What needs to be done >> Begin at the line below that has "台灣第一 寶寶音樂手拍鼓 多功能投影 拍拍鼓 搖鈴 早教玩具". Stop after the line that has "Vestidos de lino", repeating each line exactly and leaving out the pictures.

Study material >>

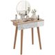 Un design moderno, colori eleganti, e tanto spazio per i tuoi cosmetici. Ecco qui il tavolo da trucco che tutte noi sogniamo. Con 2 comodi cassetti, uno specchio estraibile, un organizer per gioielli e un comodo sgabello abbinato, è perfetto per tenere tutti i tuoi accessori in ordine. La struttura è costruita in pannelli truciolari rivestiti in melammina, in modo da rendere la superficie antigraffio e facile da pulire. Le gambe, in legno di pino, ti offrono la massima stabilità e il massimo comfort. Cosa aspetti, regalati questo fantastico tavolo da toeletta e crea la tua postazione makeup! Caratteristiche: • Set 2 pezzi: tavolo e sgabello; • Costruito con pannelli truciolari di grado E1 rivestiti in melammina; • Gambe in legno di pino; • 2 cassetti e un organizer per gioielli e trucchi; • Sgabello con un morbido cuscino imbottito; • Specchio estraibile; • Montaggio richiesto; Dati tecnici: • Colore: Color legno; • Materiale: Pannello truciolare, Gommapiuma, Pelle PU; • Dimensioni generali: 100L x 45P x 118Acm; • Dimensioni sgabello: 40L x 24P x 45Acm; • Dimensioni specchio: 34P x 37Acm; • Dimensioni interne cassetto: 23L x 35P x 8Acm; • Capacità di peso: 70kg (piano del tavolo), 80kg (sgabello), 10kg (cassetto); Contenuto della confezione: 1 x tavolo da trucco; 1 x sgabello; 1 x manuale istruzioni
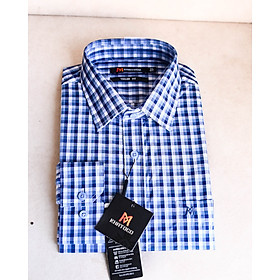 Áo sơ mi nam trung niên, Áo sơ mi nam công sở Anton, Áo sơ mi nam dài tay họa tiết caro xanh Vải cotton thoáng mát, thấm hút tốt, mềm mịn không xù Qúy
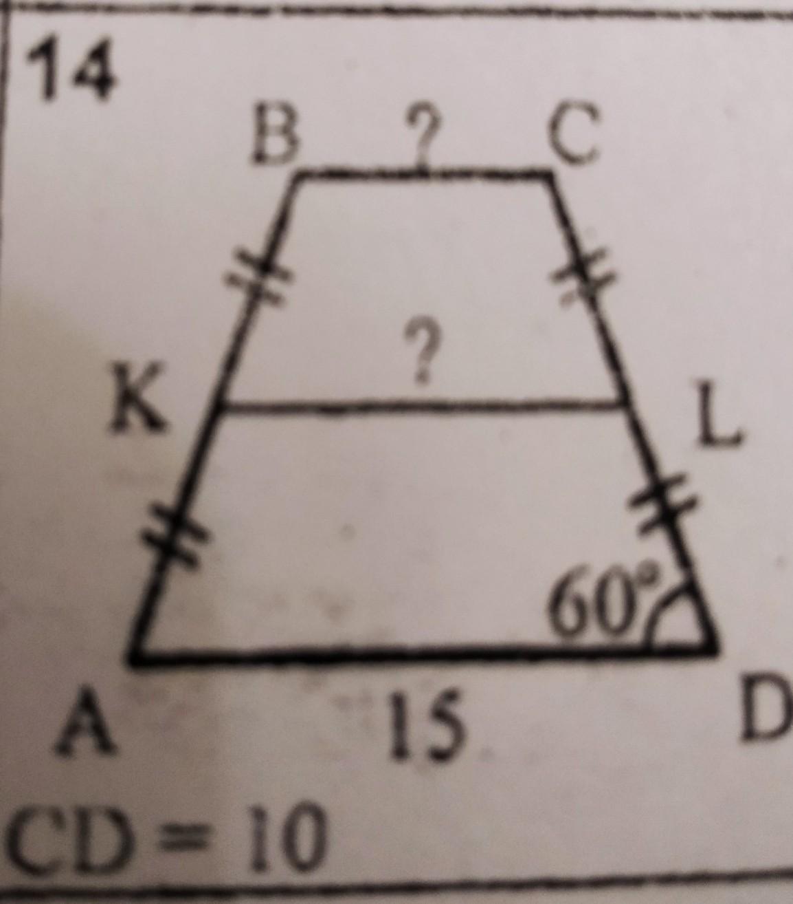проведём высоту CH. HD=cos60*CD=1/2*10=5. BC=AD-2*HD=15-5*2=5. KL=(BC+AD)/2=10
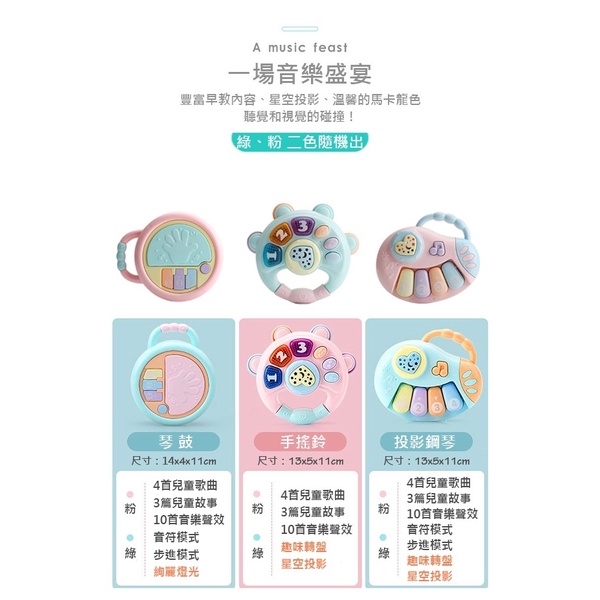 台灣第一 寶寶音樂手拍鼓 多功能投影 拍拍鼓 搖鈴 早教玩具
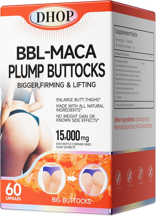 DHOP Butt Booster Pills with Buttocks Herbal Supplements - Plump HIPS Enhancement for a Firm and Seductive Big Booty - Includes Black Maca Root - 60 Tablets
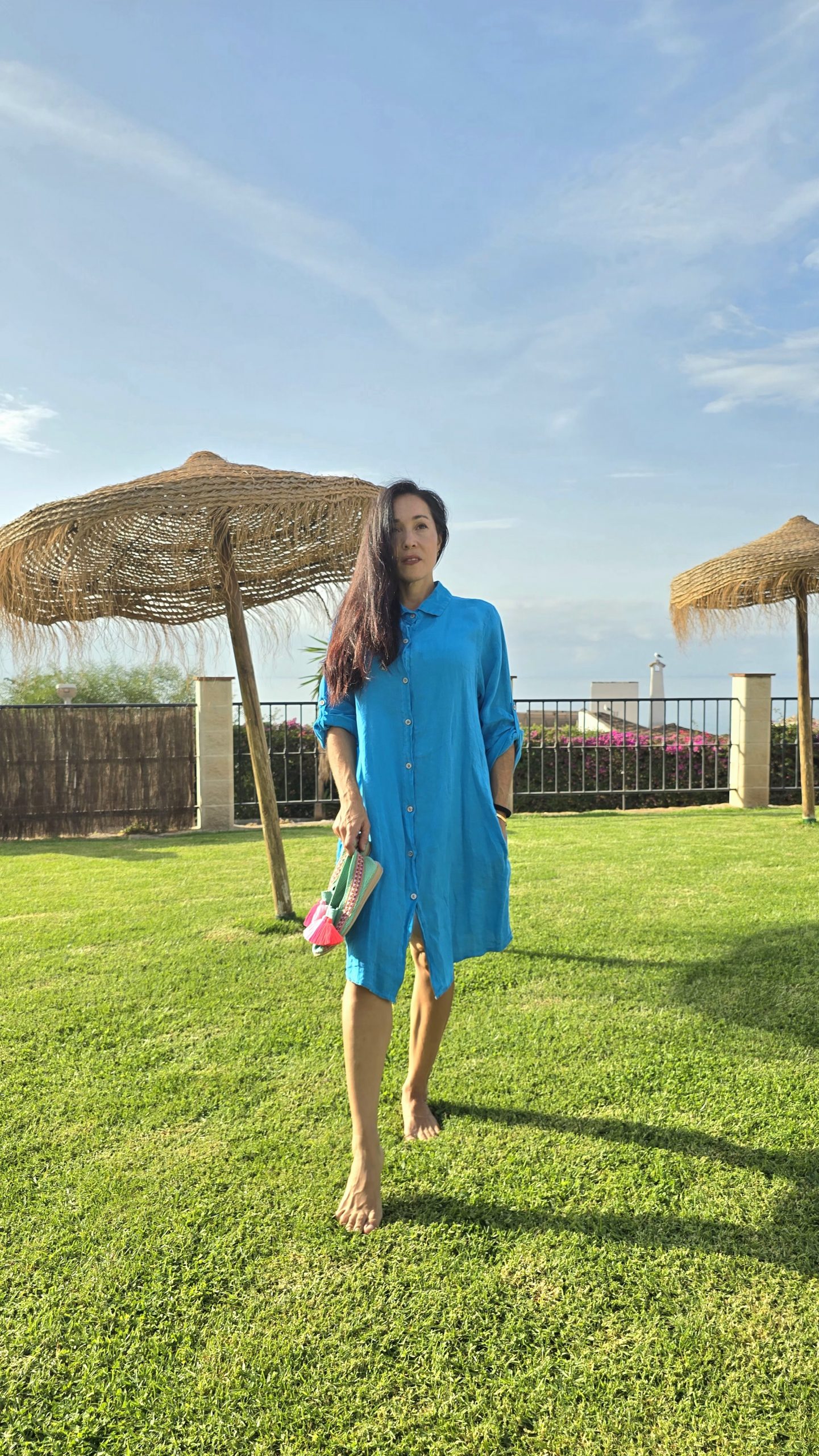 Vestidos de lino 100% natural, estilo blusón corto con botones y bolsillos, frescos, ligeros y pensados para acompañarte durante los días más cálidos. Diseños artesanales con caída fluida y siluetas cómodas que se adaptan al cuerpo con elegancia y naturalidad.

---

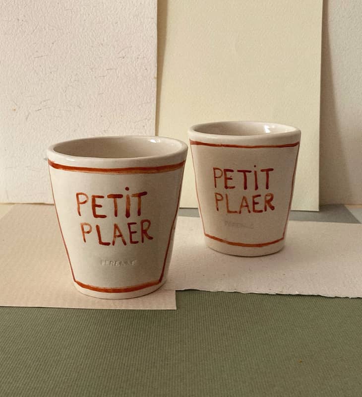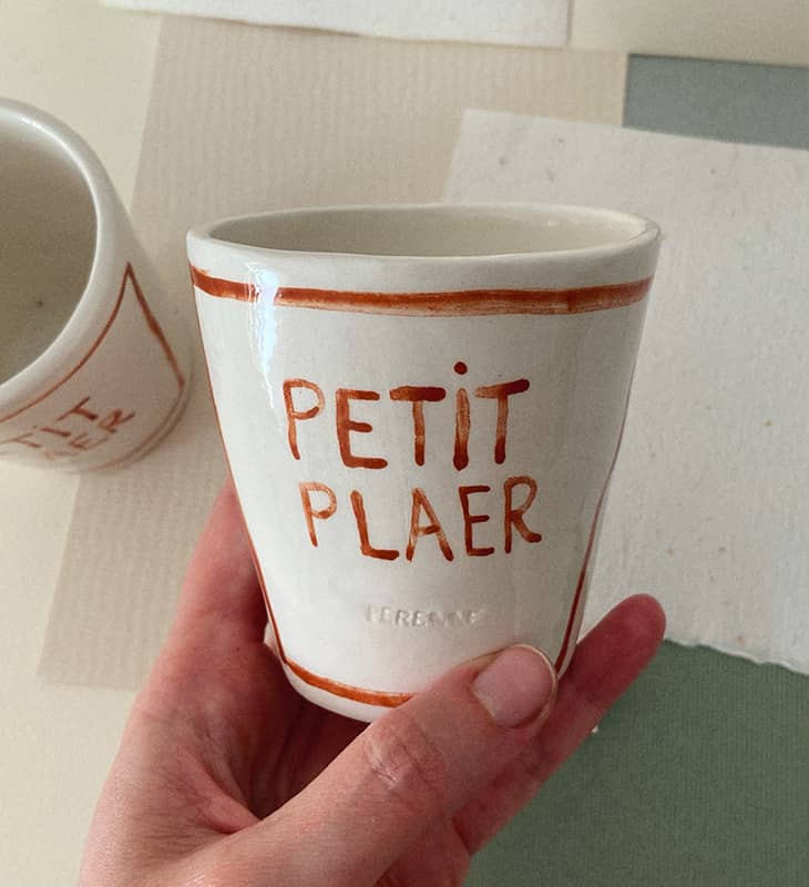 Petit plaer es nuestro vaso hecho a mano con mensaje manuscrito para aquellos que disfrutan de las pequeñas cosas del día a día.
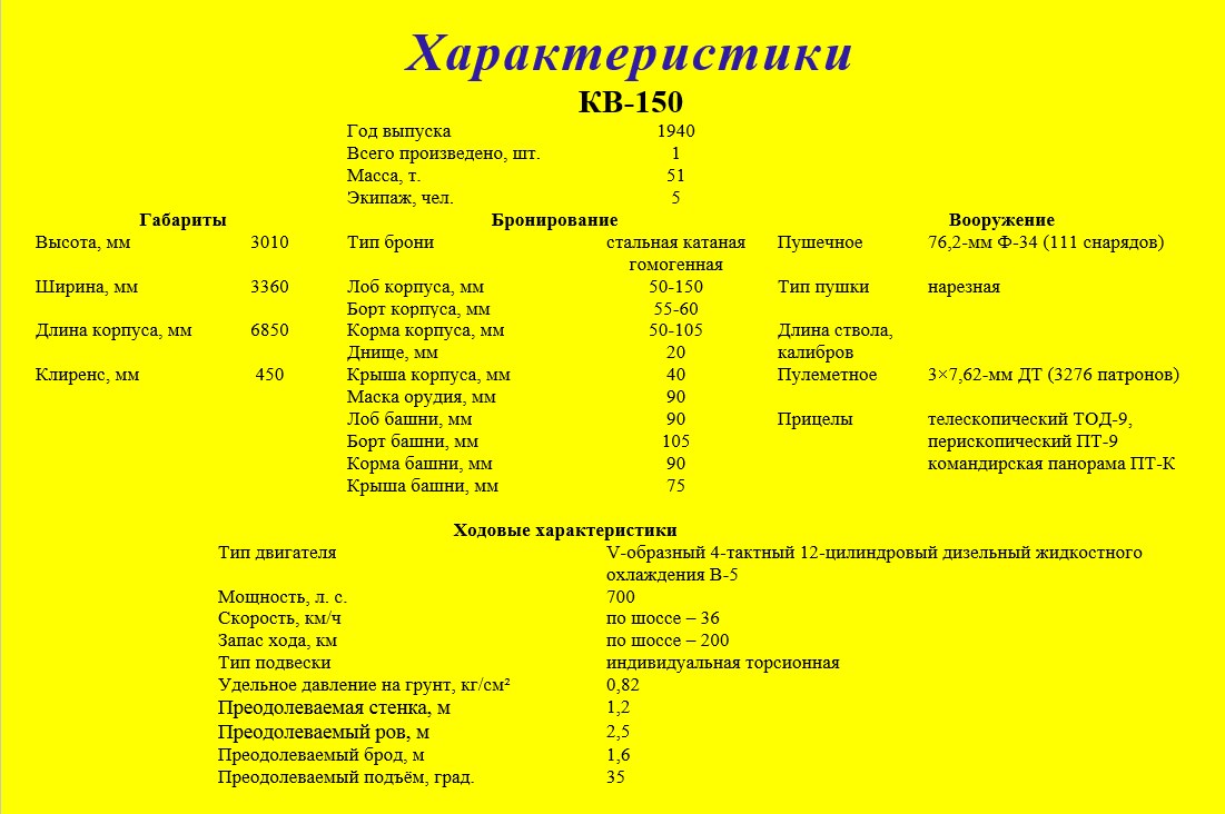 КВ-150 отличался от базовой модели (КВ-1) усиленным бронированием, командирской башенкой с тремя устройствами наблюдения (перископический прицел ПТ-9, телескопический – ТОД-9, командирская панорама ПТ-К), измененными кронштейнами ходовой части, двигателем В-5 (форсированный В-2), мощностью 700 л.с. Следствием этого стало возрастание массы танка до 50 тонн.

...

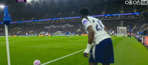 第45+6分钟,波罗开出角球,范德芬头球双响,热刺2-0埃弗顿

Exercise solution >>
 台灣第一 寶寶音樂手拍鼓 多功能投影 拍拍鼓 搖鈴 早教玩具
 DHOP Butt Booster Pills with Buttocks Herbal Supplements - Plump HIPS Enhancement for a Firm and Seductive Big Booty - Includes Black Maca Root - 60 Tablets
 Vestidos de lino 100% natural, estilo blusón corto con botones y bolsillos, frescos, ligeros y pensados para acompañarte durante los días más cálidos. Diseños artesanales con caída fluida y siluetas cómodas que se adaptan al cuerpo con elegancia y naturalidad.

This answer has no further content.